Frank Upton

Personal information
- Full name: Frank Upton
- Date of birth: 18 October 1934
- Place of birth: Atherstone, England
- Date of death: 17 May 2011 (aged 76)
- Place of death: Derby, England
- Position: Central defender

Senior career*
- Years: Team / Apps / (Gls)
- 1950–1954: Nuneaton Borough /  / (?)
- 1953–1954: Northampton Town / 17 / (1)
- 1954–1961: Derby County / 224 / (12)
- 1961–1965: Chelsea / 74 / (3)
- 1965–1966: Derby County / 35 / (5)
- 1966–1967: Notts County / 34 / (3)
- 1967–1968: Worcester City /  / (?)
- 1968: Workington / 7 / (0)

Managerial career
- 1968: Workington
- 1979–1980: Randers FC
- 1981: Al-Arabi Kuwait
- 1984–1985: Bedworth United
- 1987–1989: Keflavik ÍF
- 1989–90: Sabah FA
- 1990: Burton Albion (caretaker)

= Frank Upton =

English footballer (1934–2011)

Frank Upton (18 October 1934 – 17 May 2011) was an English professional football player and manager.

==Playing career==
Upton, a hard tackling central defender, began his football career with Nuneaton Borough. He moved to Northampton Town in March 1953, making his league debut the same season. In June 1954 he moved to Derby County, making over 200 appearances before a £15,000 move to Chelsea in August 1961. He helped Chelsea to promotion back to the First Division in the 1962–63 season and won the League Cup with them in 1965.

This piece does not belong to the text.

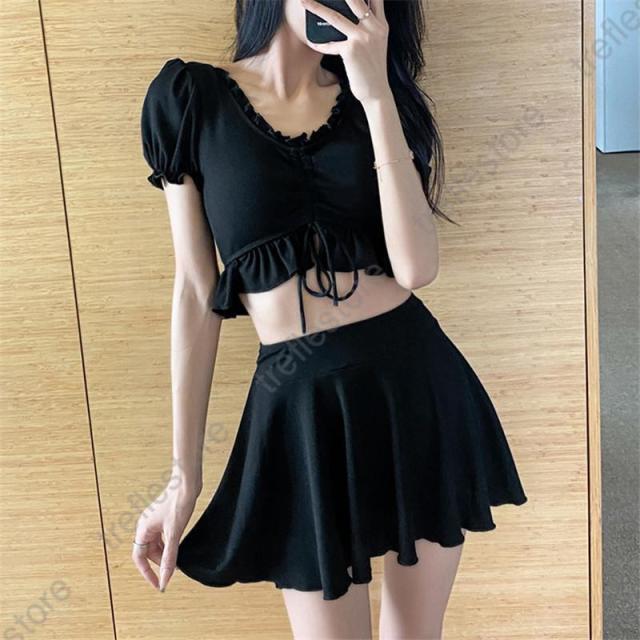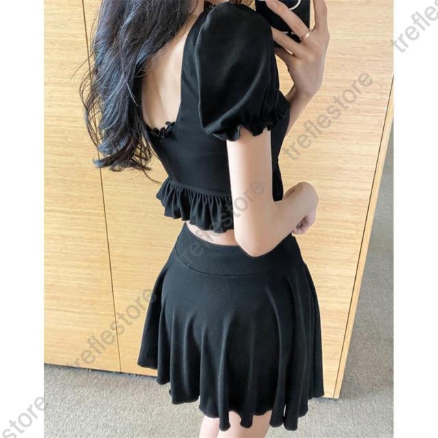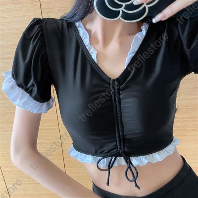 【ポイント5倍!】水着 レディース 体型カバー 半袖 2点セット タンキニ リゾート フィットネス スポーツ セパレート ビーチ プール ジム運動用 スイムウェア 30代 40代

In September 1965 he rejoined Derby County, moving on to Notts County a year later. He left league football the following summer, joining non-league Worcester City in July 1967,

==Coaching and managerial career==
Upton joined Workington as player-manager in January 1968, but lost his job six months later after Workington had finished 23rd in Football League Division Four Division Four and been forced to seek re-election.

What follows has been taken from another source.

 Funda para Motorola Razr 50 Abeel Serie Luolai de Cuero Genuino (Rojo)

He joined Northampton Town's coaching staff in October 1969, but moved to coach Aston Villa in January 1970. He joined Chelsea's coaching staff in August 1977 and became caretaker manager in December 1978 after the dismissal of Ken Shellito. He was later coach of Danish side Randers Freja between February 1979 and February 1980.

He joined Dundee as a coach in August 1980 and coached Al Arabi of Kuwait in 1981. In 1982, he returned to the UK as coach of Wolverhampton Wanderers, a post he held until October 1984 when he was appointed as manager of Bedworth United.

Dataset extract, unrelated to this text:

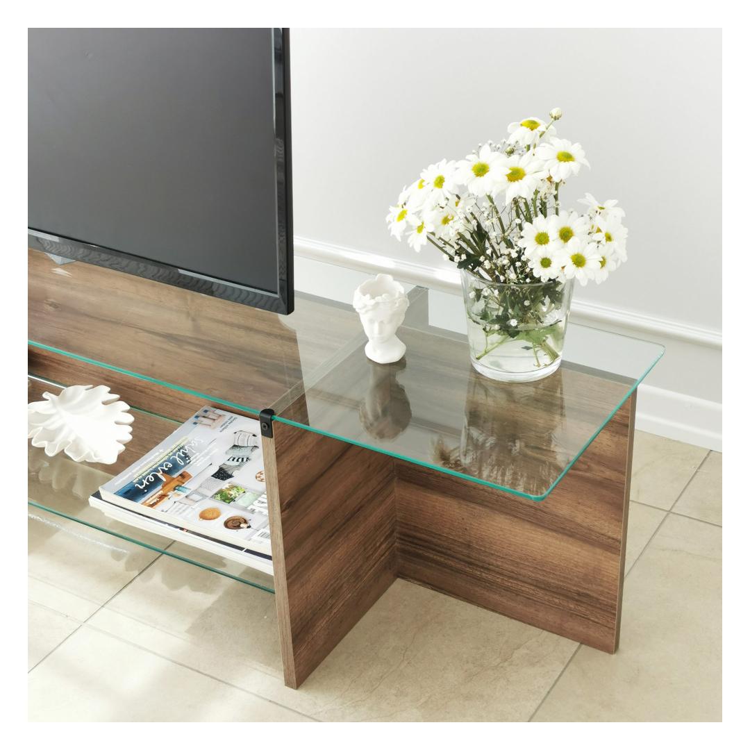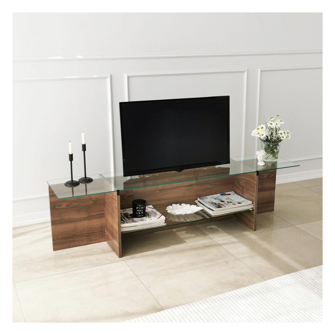 Täiendada oma eluruumi elegantsi ja stiiligaTutvustame teile meie peen telerite statiivi, mis on mõeldud teie elutoa muutmiseks elegantseks õhkõrnaks. Valmistatud ülima hoole ja tähelepanuga detailidele, see uimastav ese võlub kindlasti teie meeled ja tõstab teie kodu sisustuse uutesse kõrgustesse. Võrratu ilu ja vastupidavusMeie 100% karastatud klaasist valmistatud televiisoripult õhkab ajatut elegantsi. Kerge ja sile pind mitte ainult ei lisa teie ruumile luksust, vaid tagab ka pikaajalise vastupidavuse. Tänu pähklipuidust värvile sulandub see statiiv vaevata mis tahes interjööriga, luues harmoonilise õhkkonna, mis jätab teie külalised imestama. Vabastage oma sisemine disainerVõtke meie televiisoripuldiga omaks skandinaavia minimalismi ja lihtsuse kontseptsioon. Selle puhtad jooned ja minimalistlik disain võimaldavad teil oma televiisorit ja muid meediaseadmeid segadusteta esitleda. 100% melamiinkattega puitlaastplaadist raam lisab sooja ja rafineeritust, muutes selle ideaalseks täienduseks igasse moodsasse eluruumi. Tehnilised üksikasjad:100% karastatud klaas tagab võrratu ilu ja vastupidavuseRaam on valmistatud 100% melamiiniga kaetud puitlaastplaadist, mis lisab tugevust.Paksus: 18 mm stabiilsuse ja tugevuse tagamiseksLaius: 158 cm, kõrgus: 40 cm, sügavus: 35 cm, mis tagab piisava hoiuruumi.Pähkli värvi(d) ajatu ja mitmekülgse välimuse tagamiseksTõstke oma kodu kaunistust juba tänaÄrge rahulduge tavalise asjaga, kui teil on võimalik saada erakordne. Meie televiisoriga saate luua eluruumi, mis peegeldab teie unikaalset stiili ja isiksust. Uuendage oma kodu sisekujundust juba täna ja kogege elegantsi ja funktsionaalsuse täiuslikku segu. Tellige kohe ja laske oma elutoast saada kõigi kadedus! Värv: Walnut

He was assistant manager of Coventry City between December 1985 and April 1987. The following month he took over as coach of Icelandic side Keflavik ÍF. In May 1989 he was appointed as coach to the Sabah FA, but returned to the UK as caretaker-manager of Burton Albion in January 1990.

He was appointed as youth coach at Conference side Northwich Victoria in April 1990, taking a similar position at Cheltenham Town in November 1990.

In 1991, he opened a sports injuries clinic in Derby, continuing with his coaching career and joined the coaching staff at Leicester City in 1992.

In December 2008 he returned to Derby for the annual dinner of the Derby County Former Players' Association, and he served on the association's committee. He died just over two years later, in May 2011, at the age of 76.